EXERCISE REQUIREMENTS:
Copy nothing but the lines below, from the one with "Duru 1+1 Морские минералы состоит" through the one with "作為一款性能機,這次的紅米K", exactly as written; no pictures should appear.

ENTRIES SHOWN:
· · · · · · ·
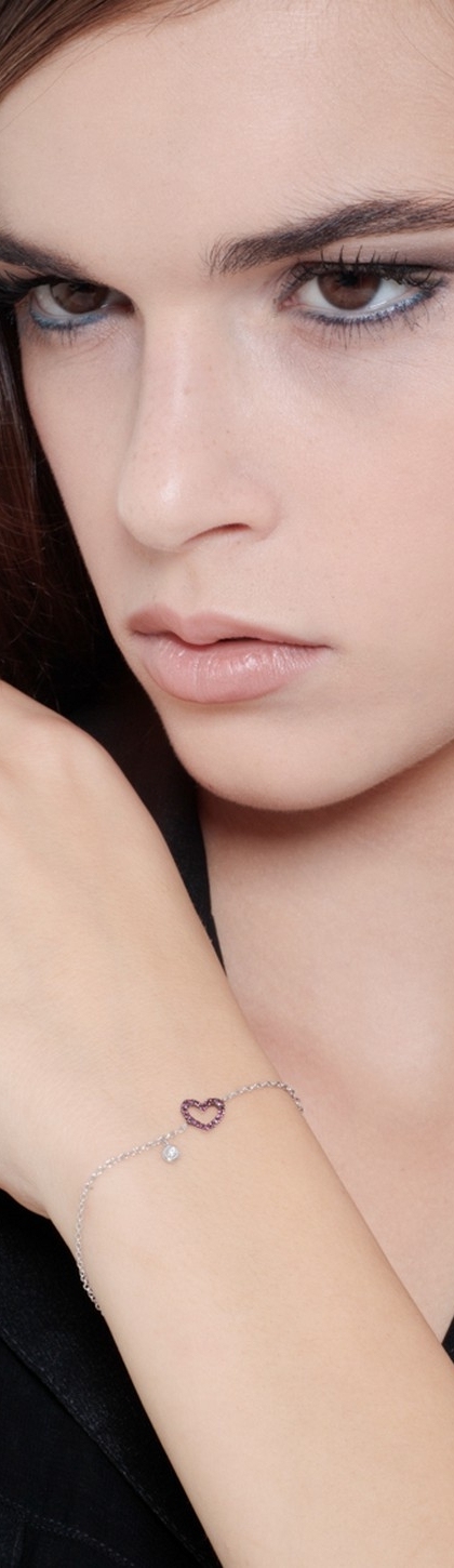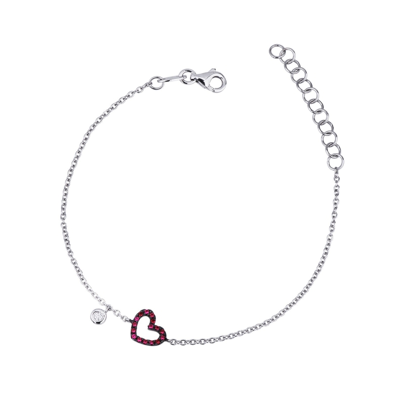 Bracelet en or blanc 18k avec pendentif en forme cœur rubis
· · · · · · ·
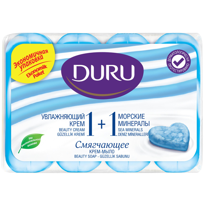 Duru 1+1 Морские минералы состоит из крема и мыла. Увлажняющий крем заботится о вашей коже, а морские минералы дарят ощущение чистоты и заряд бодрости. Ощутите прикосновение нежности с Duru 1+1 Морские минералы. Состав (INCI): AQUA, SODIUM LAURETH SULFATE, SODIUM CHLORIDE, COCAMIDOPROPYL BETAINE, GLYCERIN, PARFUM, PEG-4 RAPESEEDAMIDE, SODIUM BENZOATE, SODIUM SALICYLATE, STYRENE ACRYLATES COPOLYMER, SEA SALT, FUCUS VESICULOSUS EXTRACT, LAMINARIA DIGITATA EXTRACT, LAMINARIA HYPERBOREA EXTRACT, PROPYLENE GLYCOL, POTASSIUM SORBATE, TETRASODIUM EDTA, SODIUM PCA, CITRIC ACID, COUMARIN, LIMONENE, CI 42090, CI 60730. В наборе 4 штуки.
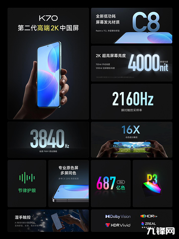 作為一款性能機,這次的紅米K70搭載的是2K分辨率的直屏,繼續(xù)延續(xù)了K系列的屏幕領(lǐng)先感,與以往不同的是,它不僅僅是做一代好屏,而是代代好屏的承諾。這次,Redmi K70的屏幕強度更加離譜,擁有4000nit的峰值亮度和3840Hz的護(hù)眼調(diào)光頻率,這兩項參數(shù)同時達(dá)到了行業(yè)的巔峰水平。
· · · · · · ·
ANSWER SPACE:
 Duru 1+1 Морские минералы состоит из крема и мыла. Увлажняющий крем заботится о вашей коже, а морские минералы дарят ощущение чистоты и заряд бодрости. Ощутите прикосновение нежности с Duru 1+1 Морские минералы. Состав (INCI): AQUA, SODIUM LAURETH SULFATE, SODIUM CHLORIDE, COCAMIDOPROPYL BETAINE, GLYCERIN, PARFUM, PEG-4 RAPESEEDAMIDE, SODIUM BENZOATE, SODIUM SALICYLATE, STYRENE ACRYLATES COPOLYMER, SEA SALT, FUCUS VESICULOSUS EXTRACT, LAMINARIA DIGITATA EXTRACT, LAMINARIA HYPERBOREA EXTRACT, PROPYLENE GLYCOL, POTASSIUM SORBATE, TETRASODIUM EDTA, SODIUM PCA, CITRIC ACID, COUMARIN, LIMONENE, CI 42090, CI 60730. В наборе 4 штуки.
 作為一款性能機,這次的紅米K70搭載的是2K分辨率的直屏,繼續(xù)延續(xù)了K系列的屏幕領(lǐng)先感,與以往不同的是,它不僅僅是做一代好屏,而是代代好屏的承諾。這次,Redmi K70的屏幕強度更加離譜,擁有4000nit的峰值亮度和3840Hz的護(hù)眼調(diào)光頻率,這兩項參數(shù)同時達(dá)到了行業(yè)的巔峰水平。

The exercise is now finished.